Exercise -
Everything from the line holding "Материали: натурален тигрово" to the last line of the material below must be retyped exactly, minus any pictures.
[Opening Supplied information section]
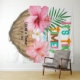 Tiki party theme couples shower or bridal shower photo backdrop tapestry features a watercolor tropical coconut cocktail with pink hibiscus flowers, palm leaf and an "It's Tiki Time!" caption in vibrant, summery colours. The text can be personalised to suit your occasion, so whether you are having an island-inspired couples shower, a beach theme bridal shower, or a Hawaiian theme party, this fun and festive wall art will add some island paradise ambiance to your celebration. Art by KL Stock
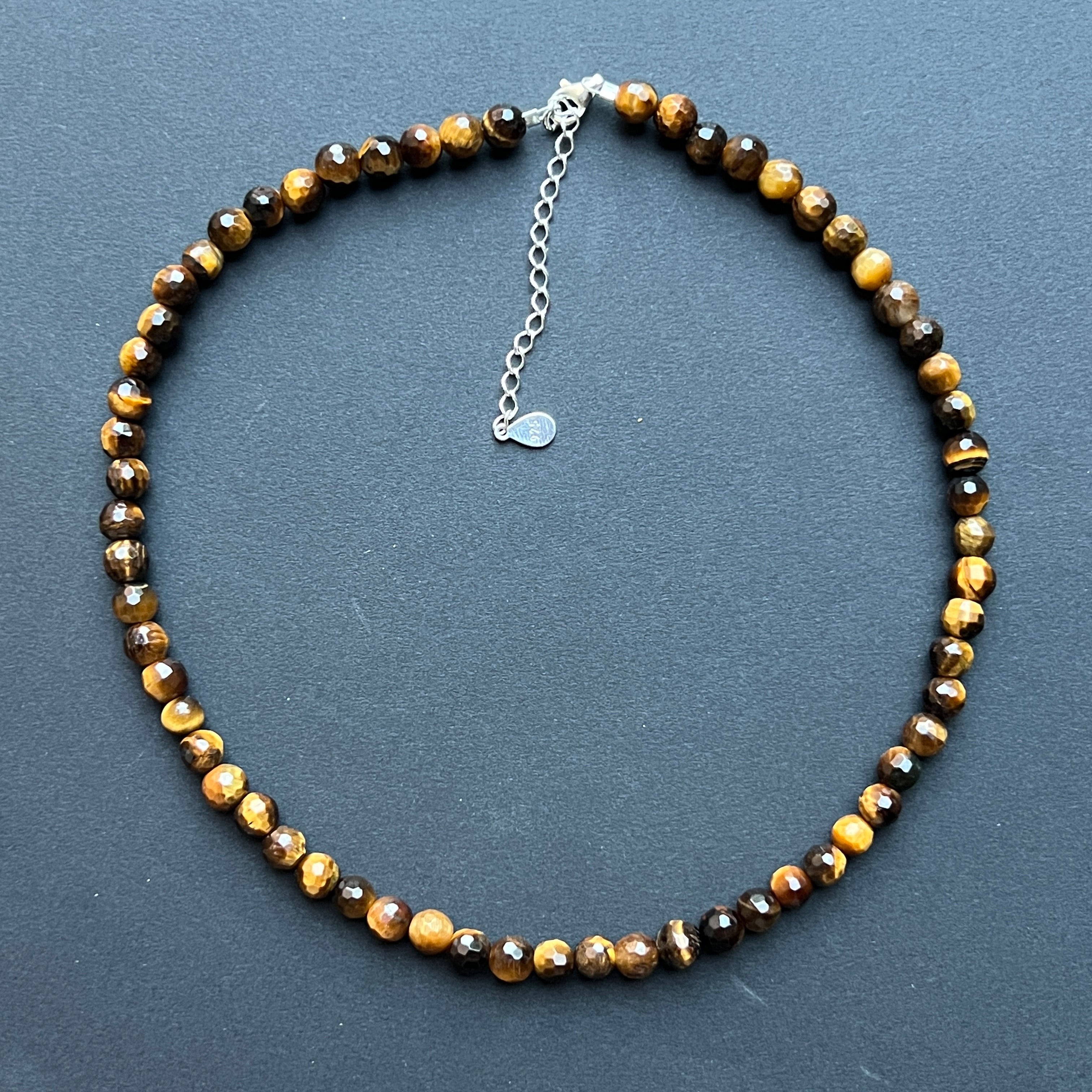 Материали: натурален тигрово око, фасетирано (6 мм), сребро 925
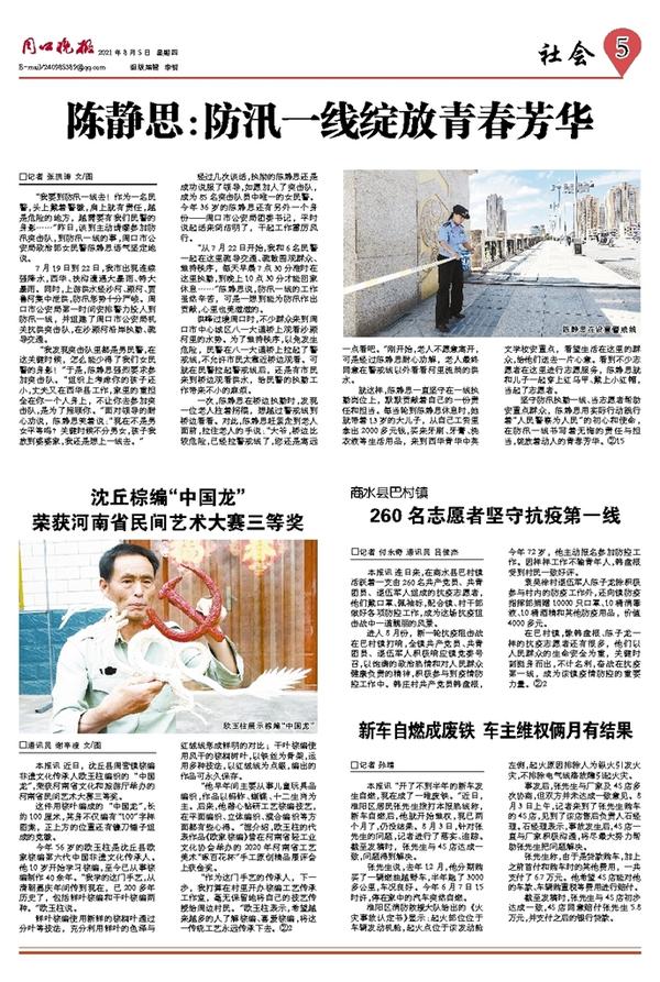 本报讯 近日,沈丘县周营镇棕编非遗文化传承人欧玉柱编织的“中国龙”,荣获河南省文化和旅游厅举办的河南省民间艺术大赛三等奖。
[Closing Supplied information section]
Reply to the exercise -
 Материали: натурален тигрово око, фасетирано (6 мм), сребро 925
 本报讯 近日,沈丘县周营镇棕编非遗文化传承人欧玉柱编织的“中国龙”,荣获河南省文化和旅游厅举办的河南省民间艺术大赛三等奖。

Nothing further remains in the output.